The Secret of Stradivari by Otis Tomas
One of the founding myths in the culture that revolves around the violin is that of the secret of Stradivari. For the modern violinmaker, the figure of Stradivari stands not so much as the patriarch (the Amatis and others were the real founding fathers) but as the Great Hero who brought fulfilment, established the laws, and set the standards for the generations of violinmakers that followed. The Cremona of Stradivari's time is seen as an Eden-like period which we refer to as the classical "Golden Age" of violinmaking. Violins of that epoch, Stradivari's being the foremost, trade for sums that can be in the millions of dollars. Stradivari's superb workmanship, elegant beauty, and supreme tone are considered unmatched, before or since. And if price is any indication, certainly no modern instrument can come close. Generations of violinmakers have studied, measured, and copied his work in the attempt to capture the elusive qualities of these great violins, but still they stand as mythic ideals, of which we moderns can only hope to capture the shadows. Somehow, in the course of its history, the violinmakers' art has lost touch with its Edenic origins. There is something missing -- a lost key that if only we could find it, our modern tradition would be restored to the wholeness of its former beauty. Or so goes the myth... .

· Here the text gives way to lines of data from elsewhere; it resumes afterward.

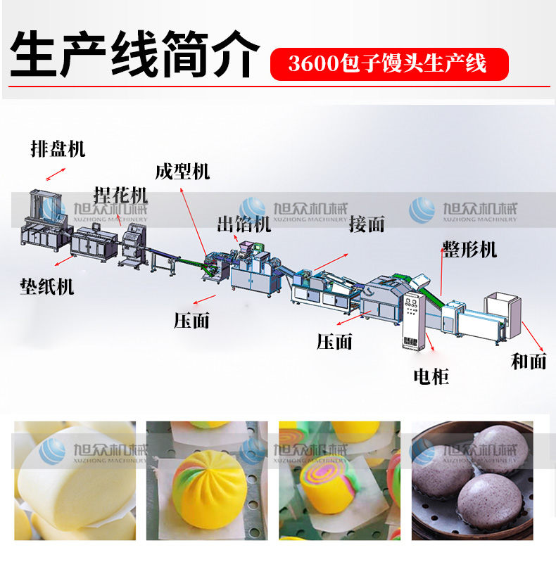 3600包子馒头生产线,免费学习配方工厂有专业的培训部门,购买生产线即可免费学习工艺配方,丰富的配方工艺能增加您的客户源。
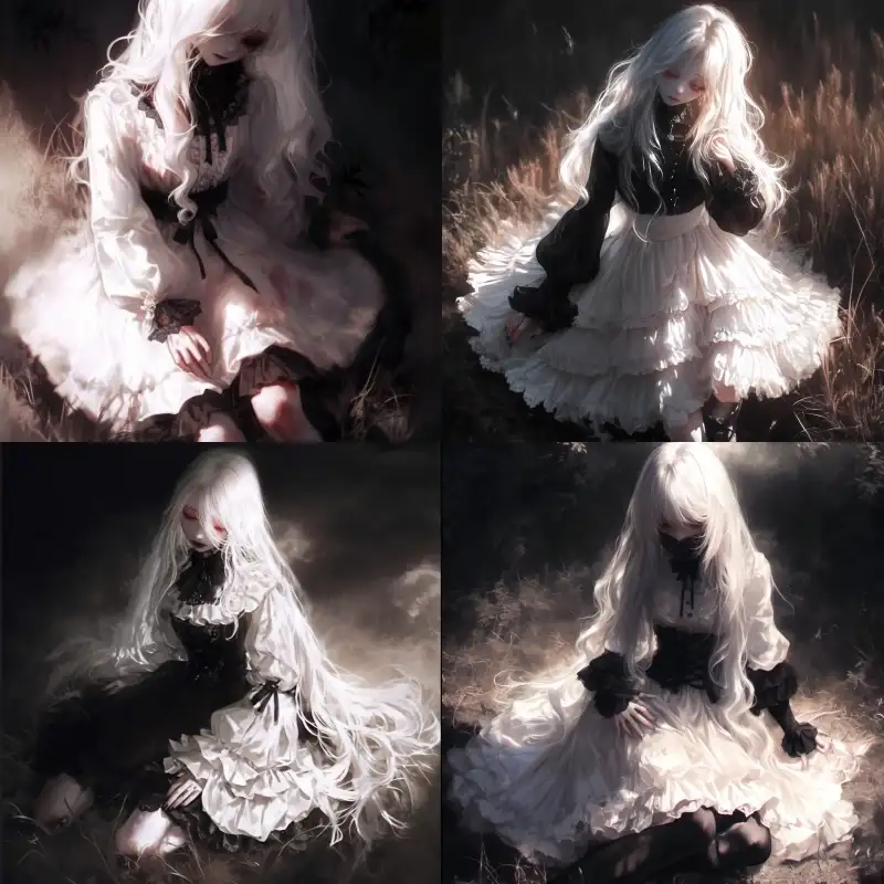 Midjourney Bot 更新时间:2024-07-30 00:12A figure dressed in a white Gothic dress with long white hair. She was slender all over, with long hands and legs, standing on the dry grass with her eyes closed. This scene is filled with a surreal tranquility and mystery, as if a creature has emerged from a fantasy world. --sref
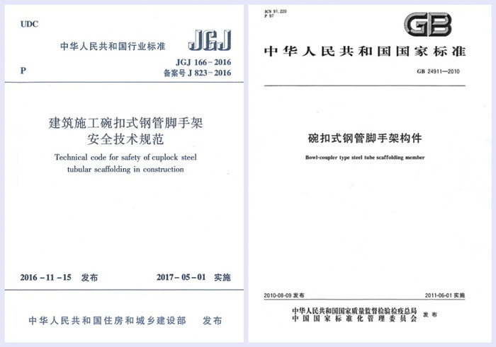 行業標準《建筑施工碗扣式鋼管腳手架安全技術規范》(JGJ 166-2016)已經國家住建部批準,自2017年5月1日起實施,原JGJ166-2008同時廢止。 該規范的主要技術內容有:1.總則;2.術語和符號;3.構配件;4.荷載;5.結構設計;6.構造要求;7.施工;8.檢查與驗收;9.安全管理。 該規范修訂的主要技術內容有:(1)立桿鋼管材質增加了Q345級鋼的規定,上碗扣和水平桿接頭增加了采用鍛造工藝成型時的材質規定,并增加了立桿碗扣節點間距采用0.5m模數的規定;(2) 調整了永久荷載、施工荷載、風荷載的標準值;(3)增加了荷載分項系數表,對荷載組合表進行了調整;(4) 增加了半剛性碗扣節點的轉動剛度取值規定;(5)增加了水平桿抗彎強度及撓曲變形驗算式;(6)修改了風荷載作用引起的模板支撐架立桿附加軸力的計算式;(7)給出了模板支撐架在風荷載作用下的簡化水平力和傾覆力矩的計算式;(8)增加了雙排腳手架連墻件的強度和穩定性計算式;(9)修改了雙排腳手架和模板支撐架立桿計算長度的取值規定;(10)修改了雙排腳手架和模板支撐架的斜撐桿和剪刀撐構造要求;(11)修改了雙排腳手架的允許搭設高度表;(12)增加了腳手架施工和安全管理的有關規定;(13)增加了腳手架施工檢查表和驗收記錄表。 其對應的產品國家標準《碗扣式鋼管腳手架構件》(GB 24911-2010)列出了檢測試驗項目:(1)外觀質量;(2)尺寸;(3)上碗扣強度;(4)下碗扣焊接強度;(5)橫桿接頭強度;(6)橫桿接頭焊接強度;(7)可調支座抗壓強度。
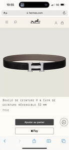 HM Silver H Buckle & Reversible 32mm Belt Beige mix Black leather 124653

That these classical Cremonese instruments are unique works of art and serve as the standard which still inspires modern violinmakers is undisputed. But as in all mythic traditions, there are believers and sceptics, fundamentalists and revolutionaries.

Among the more conservative of modern makers are the strict copyists -- going to great lengths to obtain wood from the same forests that supposedly supplied Stradivari, carefully measuring and reproducing every nuance and irregularity of design of a treasured example, poring over ancient manuscripts for forgotten varnishing techniques -- all in the fear of overlooking some detail by which the work will fall short of the ideal. And yet, that sound is elusive. Theories are promoted to account for these subtle differences: the natural qualities of the wood from now extinct forests, lost methods of the early foresters (holding logs in ponds of salt or fresh water, bacterial or fungal action on wood, exposure to ammonia fumes from the stables below the woodshed... ); or maybe there is a forgotten treatment at the varnish bench, alchemical ground coats that change the stiffness or other qualities of the wood, turning ordinary wood into a golden-voiced sound board -- or perhaps there are overlooked subtleties of design, a hidden pattern in the mathematical curves that describe the shapes of the arching, numerological correspondences of the various proportions of the instrument's outlines; or possibly there are hidden harmonies in the tap tones of the unfinished plates.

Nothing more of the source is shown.